According to the Center for People Empowerment in Governance, there are about 250 political dynasties active in politics in the Philippines. Many of these families have private armies or the support of armed groups to protect their interests.

“These are the same families who belong to the country's economic elite, some of them acting as rule-makers or patrons of politicians who conspire together to amass greater economic power,” the center said in a 2007 study.

Often the families protect their political and economic power at all cost - even resorting to violence against anyone who threatens their position or diminish their influence.

Sometimes, even family members attack each other in their turfs. In 2006, a legislator was assassinated outside a Catholic church in Manila and his cousin, the incumbent governor in their province, was accused of ordering the hit.

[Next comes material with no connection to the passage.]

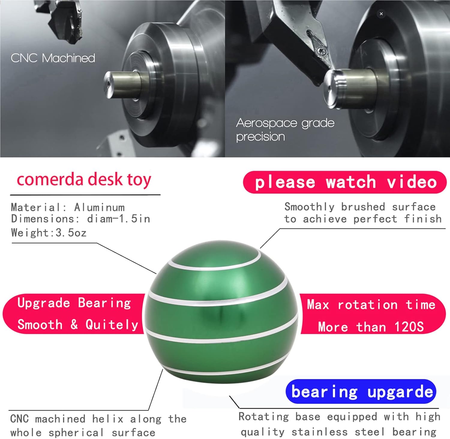 • 1.5in & 3.5oz. Precision CNC manufactured metal desk toy with threaded grooves on the surface.

While the Philippine constitution prohibits political dynasties, an enabling law that would implement the ban is still pending in Congress, and many of the country's lawmakers oppose it because they too come from political clans.

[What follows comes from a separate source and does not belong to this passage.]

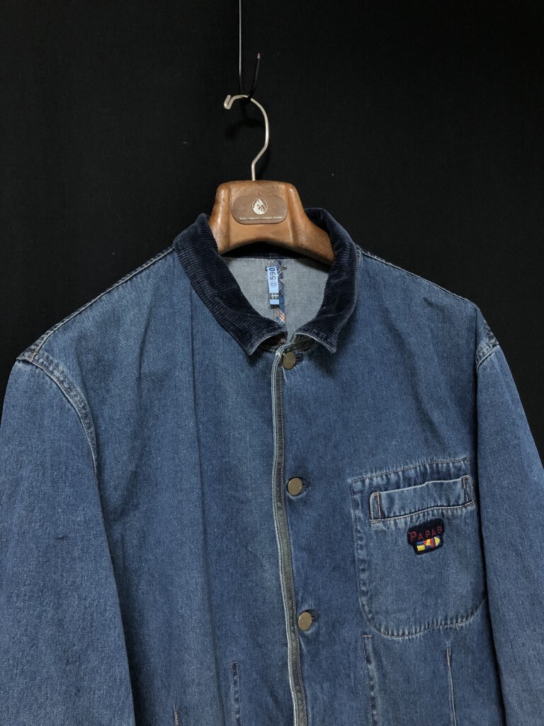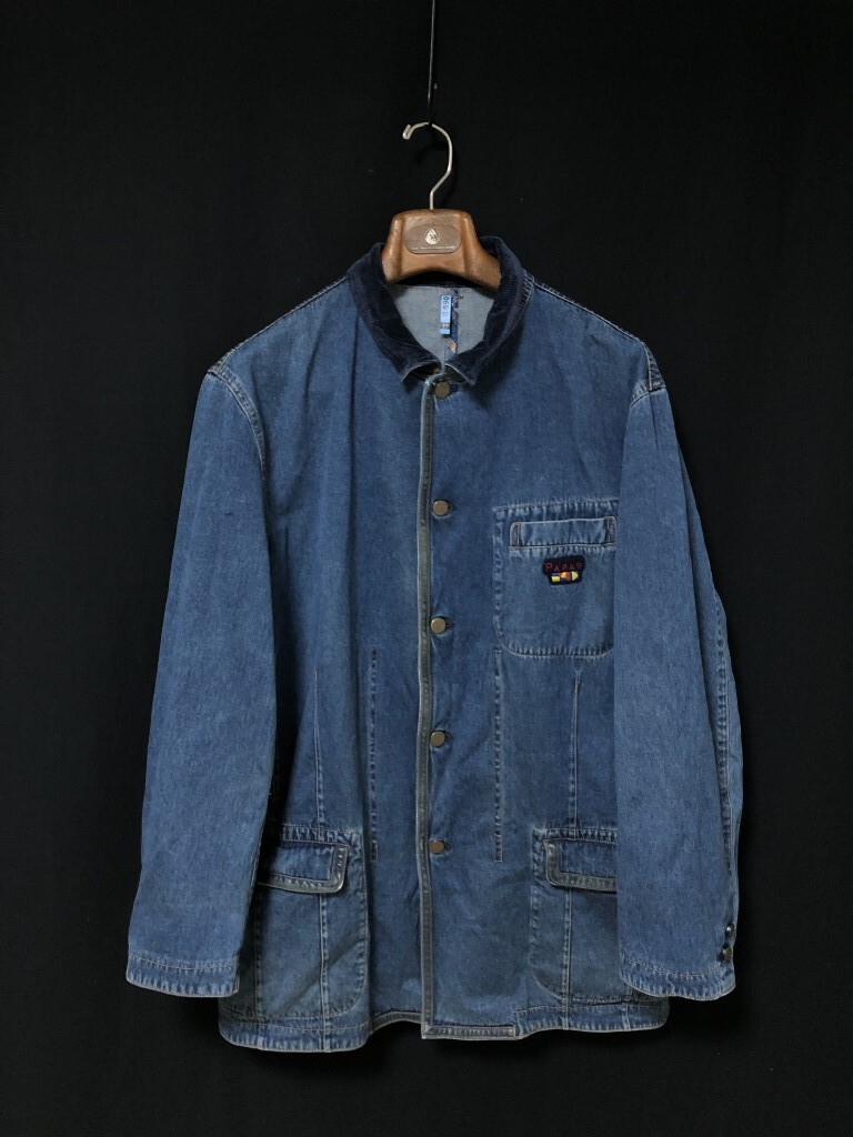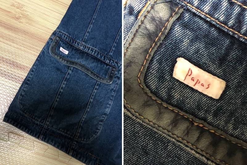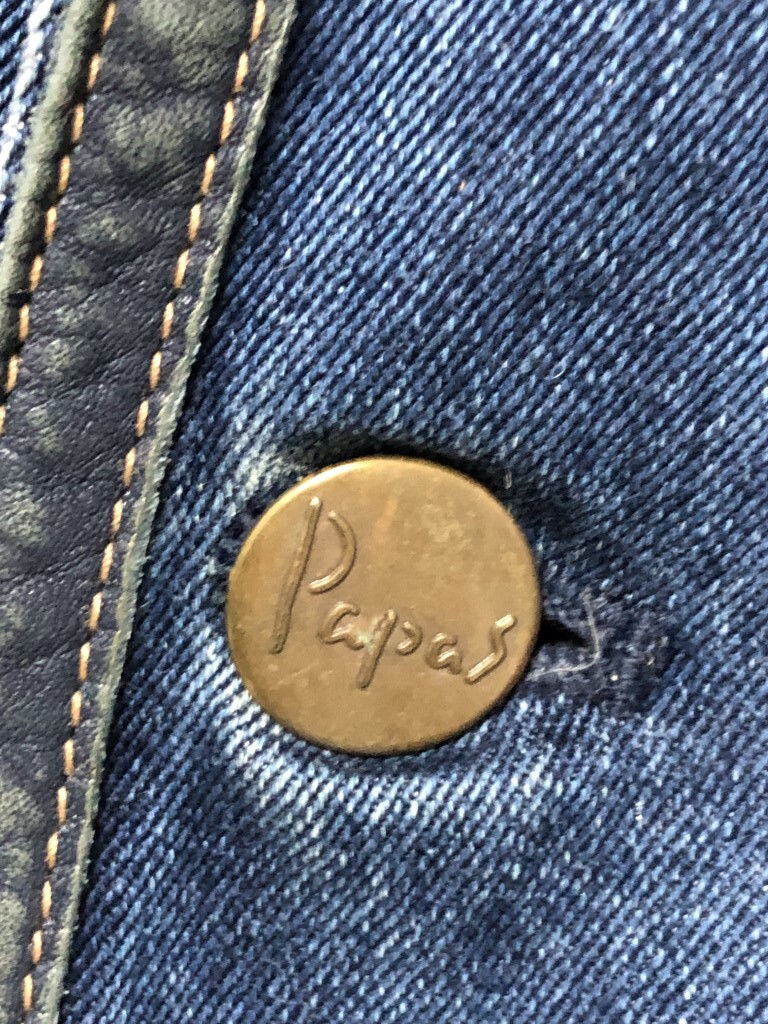 ◆Papas パパス デニム カバーオール M レザートリム インディゴ

President Gloria Macapagal Arroyo, who herself is a product of an old political clan, as the daughter of late former president Diosdado Macapagal, has criticized the way politics is done in the Philippines.

“Over the years, our political system has degenerated to the extent that it is difficult for anyone to make any headway yet keep his hands clean,” she has said. “Perhaps we have strained the present political system to its final limit.”

Politicians from prominent clans often defend their continued rule, saying they take care of the people in their turfs.

But the Center for People Empowerment said the proliferation of political dynasties in the Philippines only highlights the “semi-feudal condition in the country, where wealth is accumulated and concentrated in a few families.”

“Political dynasties are a product of a society riven by income inequalities and lack of opportunities for the social and economic uplift of the majority of the people,” it added. “The more stagnant a rural society is the more entrenched the powers-that-be are.”